International ColRegs Rule 7: Risk of Collision
Anyone who is responsible for a vessel at sea, from the smallest dinghy to an ocean going supertanker, must be able to recognise other vessels around them day or night, whatever the visibility.
They need to be able to quickly interpret what other vessels are doing, who has right of way and what action they should take to prevent a possible collision. This is not always easy, especially in crowded coastal waters and harbor.
Rule 7: Risk of Collision.
(a) Every vessel shall use all available means appropriate to the prevailing circumstances and conditions to determine if risk of collision exists. If there is any doubt such risk shall be deemed to exist.
(b) Proper use shall be made of radar equipment if fitted and operational, including long-range scanning to obtain early warning of risk of collision and radar plotting or equivalent systematic observation of detected objects.
(c) Assumptions shall not be made on the basis of scanty information, especially scanty radar information.

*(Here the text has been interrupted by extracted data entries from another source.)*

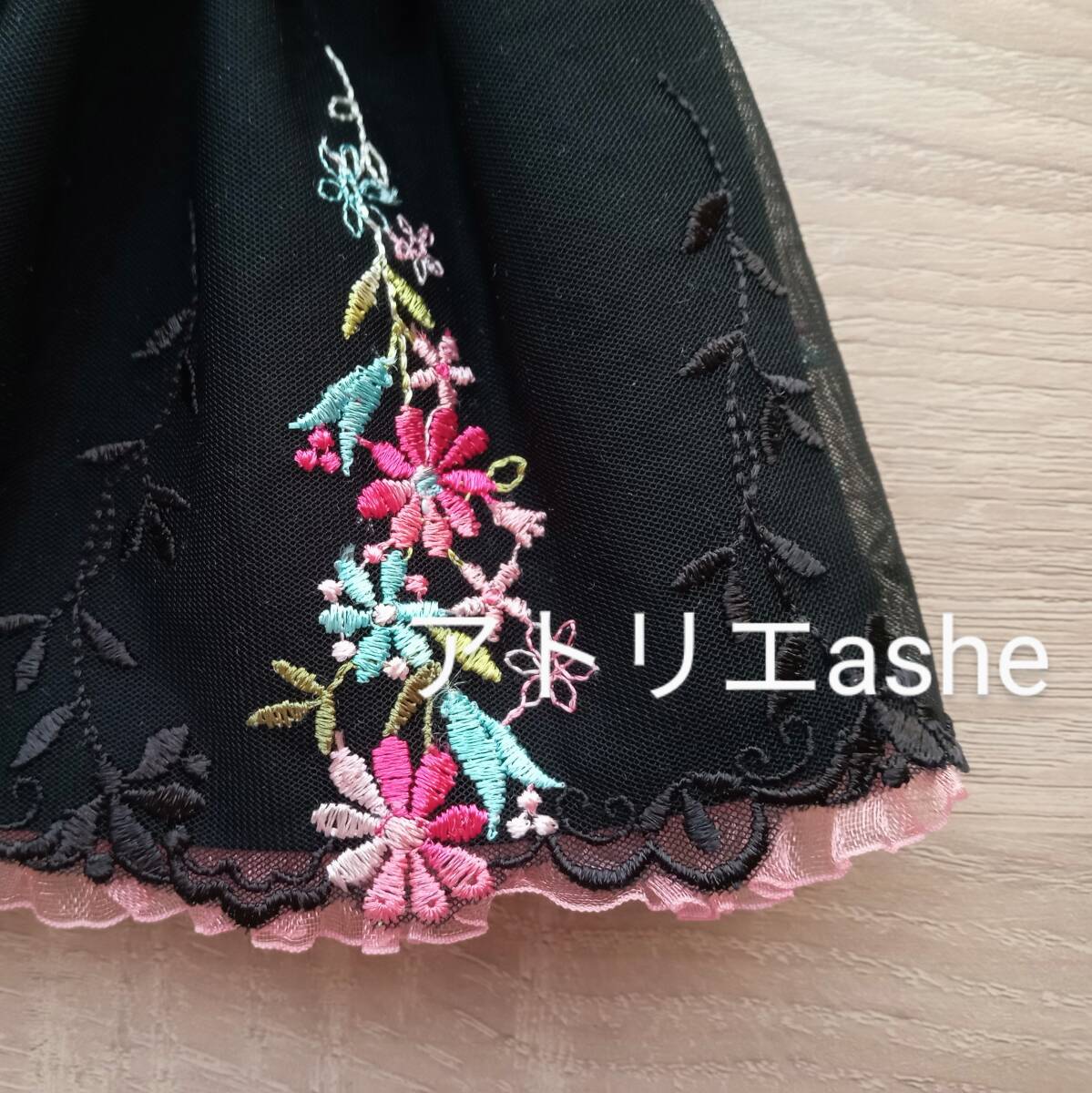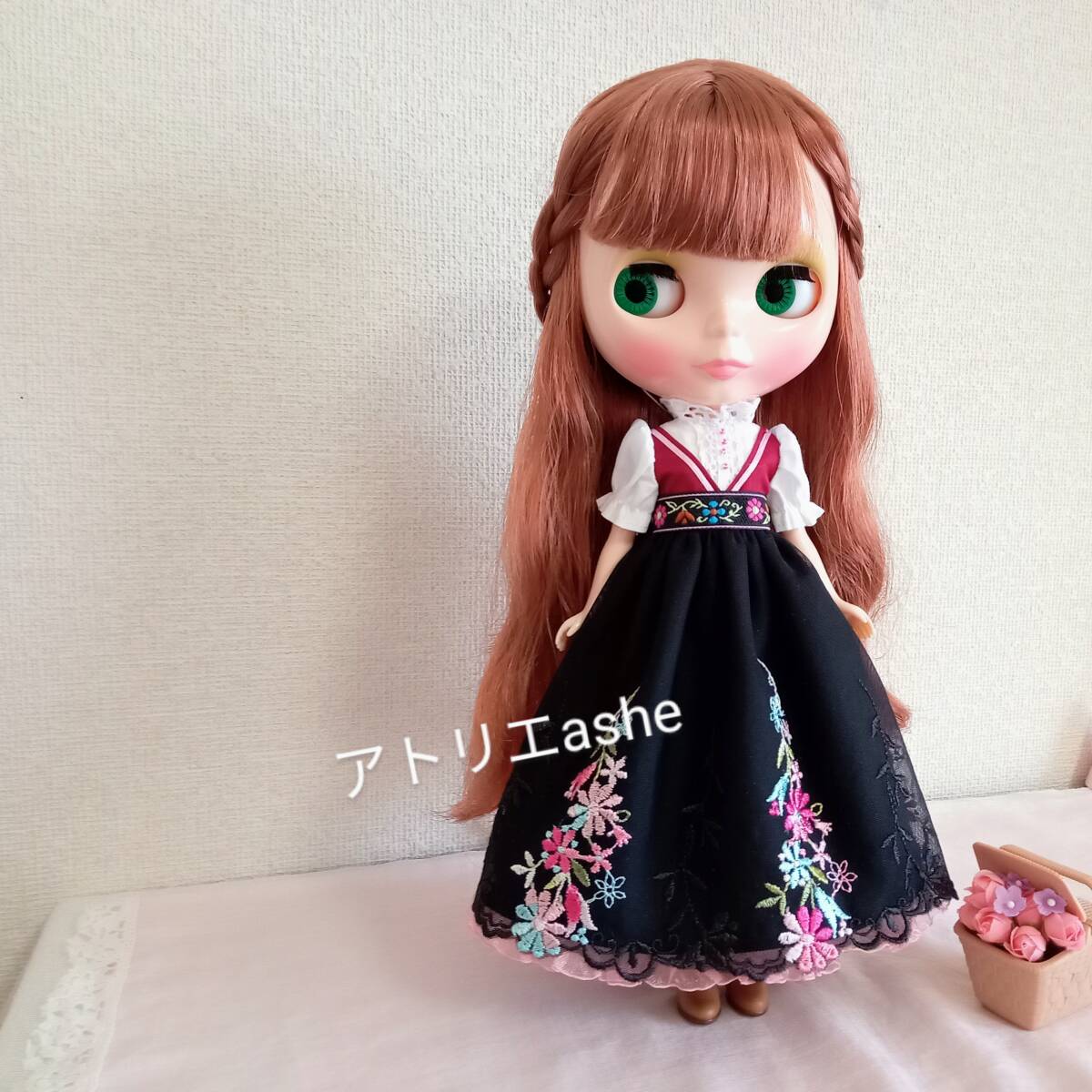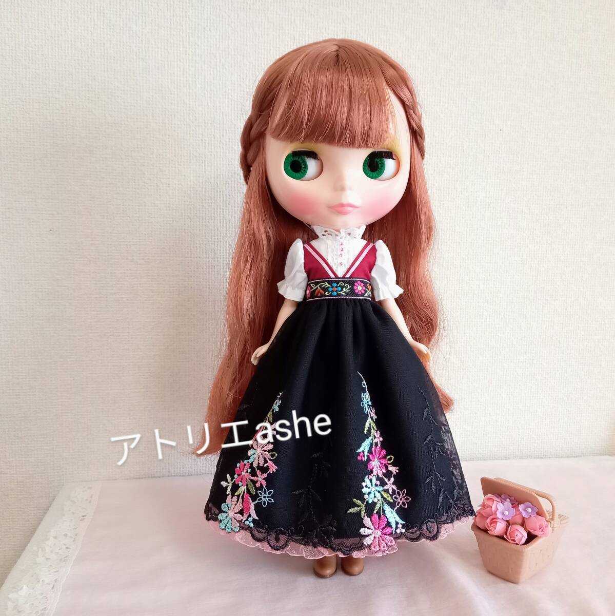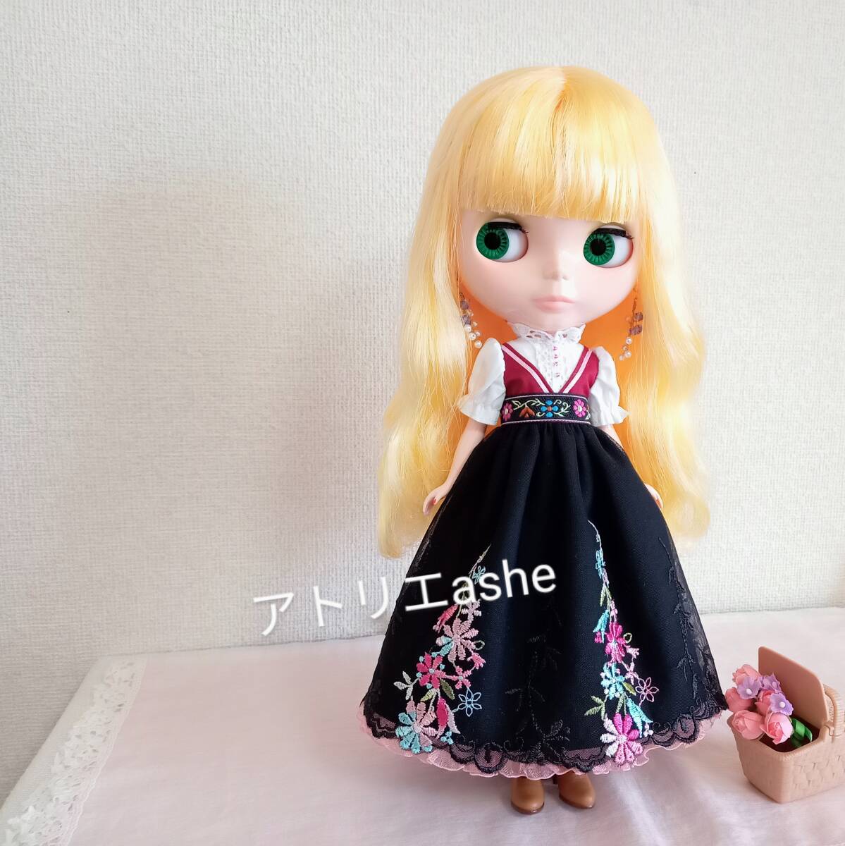 送料無料! ハンドメイド ネオブライス・リカちゃんの服 「民族衣装風 チュールレースドレス 黒」ブライス 服 ワンピース アウトフィット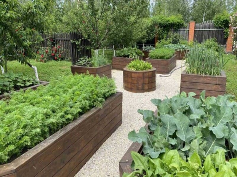 Якщо на вашій ділянці є альтанка або зона для барбекю, можна розмістити город і поруч із ними. Таке місце для городу можна зробити модульним або піднятим. - Використання території для квітників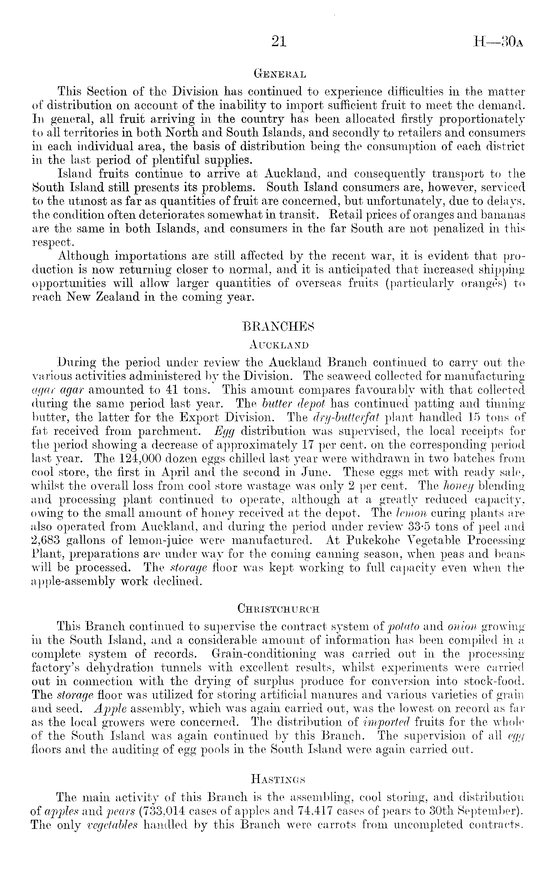 General This Section of the Division has continued to experience difficulties in the matter of distribution on account of the inability to import sufficient fruit to meet the demand. In general, all fruit arriving in the country has been allocated firstly proportionately to all territories in both North and South Islands, and secondly t.o retailers and consumers in each individual area, the basis of distribution being the consumption of each district in the last period of plentiful supplies. Island fruits continue to arrive at Auckland, and consequently transport to the South Island still presents its problems. South Island consumers are, however, serviced to the utmost as far as quantities of fruit are concerned, but unfortunately, due to delays, the condition often deteriorates somewhat in transit. Retail prices of oranges and bananas are the same in both Islands, and consumers in the far South are not penalized in this respect. Although importations are still affected by the recent war, it is evident that production is now returning closer to normal, and it is anticipated that increased shipping opportunities will allow larger quantities of overseas fruits (particularly oranges) to reach New Zealand in the coming year. BRANCHES Auckland During the period under review the Auckland Branch continued to carry out the various activities administered by the Division. The seaweed collected for manufacturing agar agar amounted to 41 tons. This amount compares favourably with that collected during the same period last year. The butter depot has continued patting and tinning butter, the latter for the Export Division. The dry-butterfat plant handled 15 tons of fat received from parchment. Egg distribution was supervised, the local receipts for the period showing a decrease of approximately 17 per cent, on the corresponding period last year. The 124,000 dozen eggs chilled last year were withdrawn in two batches from cool store, the first in April and the second in June. These eggs met with ready sale, whilst the overall loss from cool store wastage was only 2 per cent. The honey blending and processing plant continued to operate, although at a greatly reduced capacity, owing to the small amount of honey received at the depot. The lemon curing plants are also operated from Auckland, and during the period under review 33-5 tons of peel and 2,683 gallons of lemon-juice were manufactured. At Pukekohe Vegetable Processing Plant, preparations are under way for the coming canning season, when peas and beans will be processed. The storage floor was kept working to full capacity even when the apple-assembly work declined. Christchurch This Branch continued to supervise the contract system of potato and onion growing in the South Island, and a considerable amount of information has been compiled in a complete system of records. Grain-conditioning was carried out in the processing factory's dehydration tunnels with excellent results, whilst experiments were carried out in connection with the drying of surplus produce for conversion into stock-food. The storage floor was utilized for storing artificial manures and various varieties of grain and seed. Apple assembly, which was again carried out, was the lowest on record as far as the local growers were concerned. The distribution of imported fruits for the whole of the South Island was again continued by this Branch. The supervision of all egg floors and the auditing of egg pools in the South Island were again carried out. Hastings The main activity of this Branch is the assembling, cool storing, and distribution of apples and pears (733,014 cases of apples and 74,417 cases of pears to 30th September). The only vegetables handled by this Branch were carrots from uncompleted contracts.

(d) In determining if risk of collision exists the following considerations shall be among those taken into account:
(i) such risk shall be deemed to exist if the compass bearing of an approaching vessel does not appreciably change;
(ii) such risk may sometimes exist even when an appreciable bearing change is evident, particularly when approaching a very large vessel or a tow or when approaching a vessel at close range.